Literarisches Debüt
Aliza Olmerts Roman über ein jüdisches Familienschicksal
In Manschija wird es schon um sieben Uhr dunkel - und die hölzerne Tür lässt sich noch immer nicht weiter öffnen. Stunden sind vergangen, seit die Umzugskisten vom Lastwagen abgeladen wurden, man hat sie vor dem Eingang zum Treppenhaus abgestellt, ihre Maße begutachtet und versucht, sie hineinzustoßen.
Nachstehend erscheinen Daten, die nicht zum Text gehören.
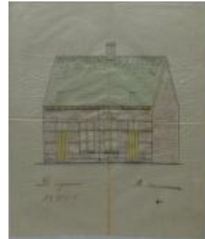
Weyts Adr., achter het station, palende noord eigendom, zuid en oost de straat en west Sint-Pietersgasthuis, "De Martelaren"
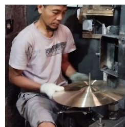
Gambar 12. Pen Hammer

Menurut penuturan Surya Sumirat pengaruh Hammering pada karakter suara dan tampilan fisik dapat di kenali sebagai berikut cymbal dengan karakter bright cenderung mengalami mengalami proses penempatan menggunakan mesin dengan ujung pen hammer berukuran kecil dengan intensitas jarang sehingga menghasilkan tampilan bopeng kecil dan halus, seperti pada cymbal Nebulae seri “Asteroid” dan “Canis”.
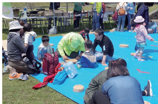
木の枝を使ったクラフト教室
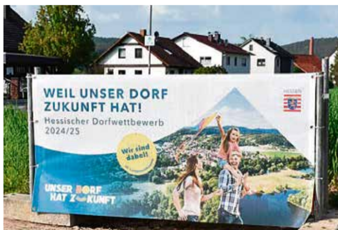
Gut sichtbar: Der Höchster Ortsteil Dusenbach hat das Wettbewerbsbanner des Dorf Wettbewerbs am Ortseingang platziert.

Für den Oberzenter Stadtteil Ober-Hainbrunn freut sich auch Ortsvorsteher Stefan Hofmann über die Auszeichnung. Die Verantwortlichen bezeichnen ihren Ort selbst als „Infrastrukturort“. Hier wird viel selbst angepackt, sei es beim Bau des Feuerwehrhauses, bei der Renovierung und Sanierung des Schulhauses oder kürzlich bei den Festlichkeiten zur 675-Jahr-Feier. In Dusenbach, das zur Gemeinde Höchst gehört, gibt es eine ganz beson-
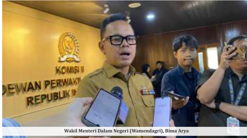
Wakil Menteri Dalam Negeri (Wamendagri), Bima Arya

A nggota Komisi II DPR dari Fraksi PKB, Ali Ahmad, mengatakan KTP bukan sekadar kartu identitas administratif, melainkan akses utama warga terhadap hak-hak dasar. "KTP adalah pintu masuk bagi warga negara untuk
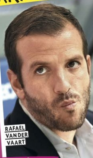
RAFAEL VANDER VAART
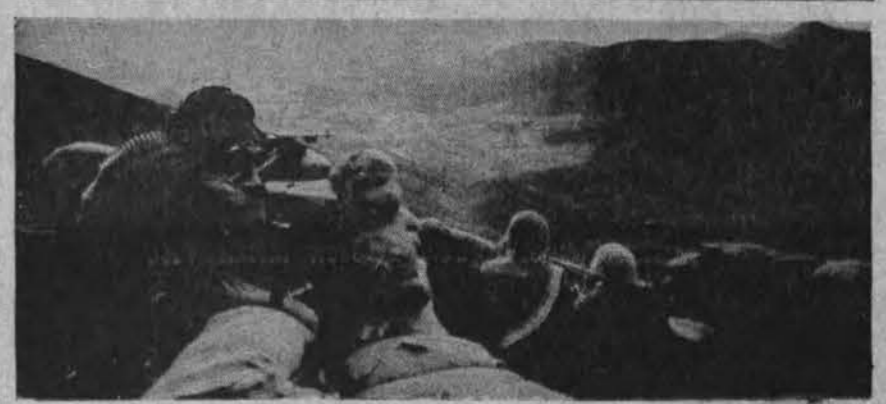
JAV kariai ties Da Nang Pietų Vietname

politikus ir kraštutinius liberalinio sparno atstovus, kurie pasisakė prieš Dubčeką pernai paskelbtas reformas.
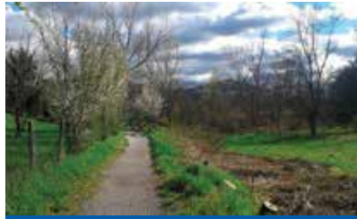
Percorso vita

E poi perché il concorso anticipa l'avvio di un più ampio percorso di crowdfunding, che ha lo scopo di finanziare alcuni interventi proprio sul Percorso Vita: stiamo parlando di un progetto di partecipazione civica finalizzato al coinvolgimento dei cittadini e al finanziamento collettivo a favore della tutela e del rilancio di un bene comune, come il Percorso Vita, attraverso l'uso di nuove tecnologie e piattaforme web. Si tratta di fare comunità e sostenere la crescita civica di Zola Predosa come luogo accogliente, dinamico e partecipato sperimentando una modalità di finanziamento dal basso innovativa ma già consolidata e attuata da altri Enti Pubblici (mi piace ricordare i 7.111 donatori che hanno permesso il restauro del Portico di S.Luca a Bologna). Obiettivo è quello di finanziare l'installazione di nuova cartellonistica e di segnalazioni indicanti i percorsi (in coerenza con la segnaletica CAI) nonché di attrezzature e postazioni che favoriscano la fruizione consapevole del percorso (storia, flora, fauna, ma anche la sua corretta fruizione in termini di regole di comportamento) e lo svolgimento di esercizi e pratiche sportive all'aria aperta.
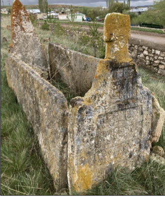
Resim 20: Acıyurt Köyü erkek mezarı

(1.49m.) taşlarından meydana gelmiştir. Başucu taşının başlık kısmı papak formunda şekillenmiş ve kitabe dış yüzeye konumlandırılmıştır. Ayakucu taşı ise aşağıdan yukarıya doğru daralarak üçgen formda sonlanmaktadır. Ayakucu taşının dış yüzeyinde işçiliği iyi olmayan kemer ve fişeklik motifleri bulunmakla birlikte bu motiflerin Kars, Ardahan Karapapak mezarlarında da birçok örneği karşımıza çıkmaktadır.
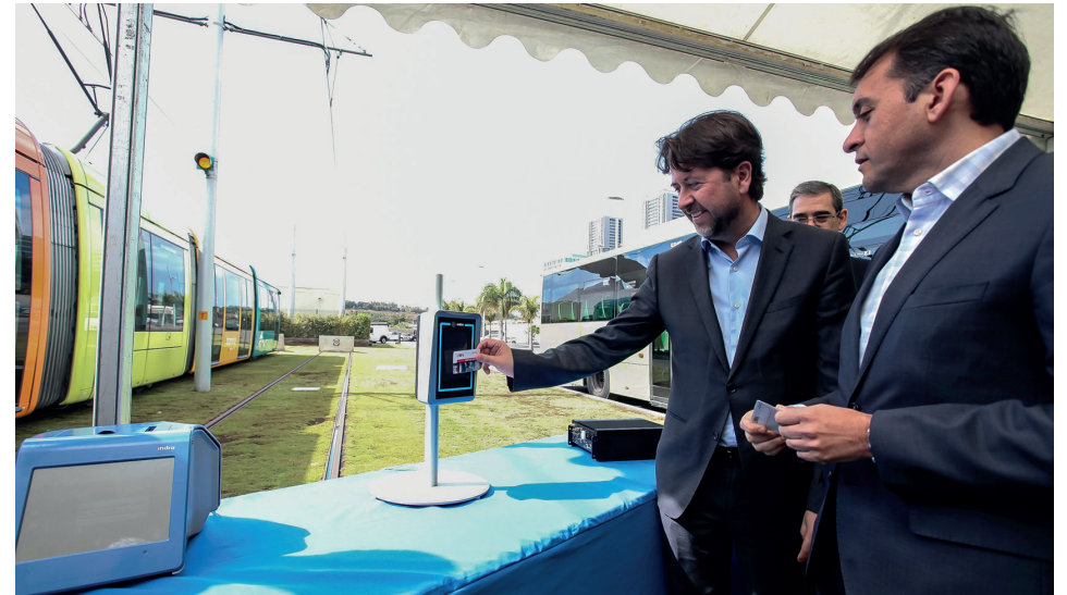
Acto de presentación del billete sin contacto que se instalará en nuestro tranvía.

Un total de 142 trabajos concursaron en este certamen de fotografía 'Moda y Mar'. Las mejores fotografías se expusieron en las paradas de las dos líneas de nuestro tranvía.

Nun ist auch Vater bereit zuzugeben, dass keine der Kisten durch diesen Eingang passt." Mit diesen ersten Sätzen von Aliza Olmerts erstem Roman scheint der Radius des Buches vermessen. Dunkelheit wird ein Thema, das Hin- und Her-, auch das Mitschleppen wird in der Geschichte anwesend sein, ebenso wie die große Schwierigkeit, neu anzufangen, und das heißt auch auch, irgendwo sich an- und dort hineinzupassen.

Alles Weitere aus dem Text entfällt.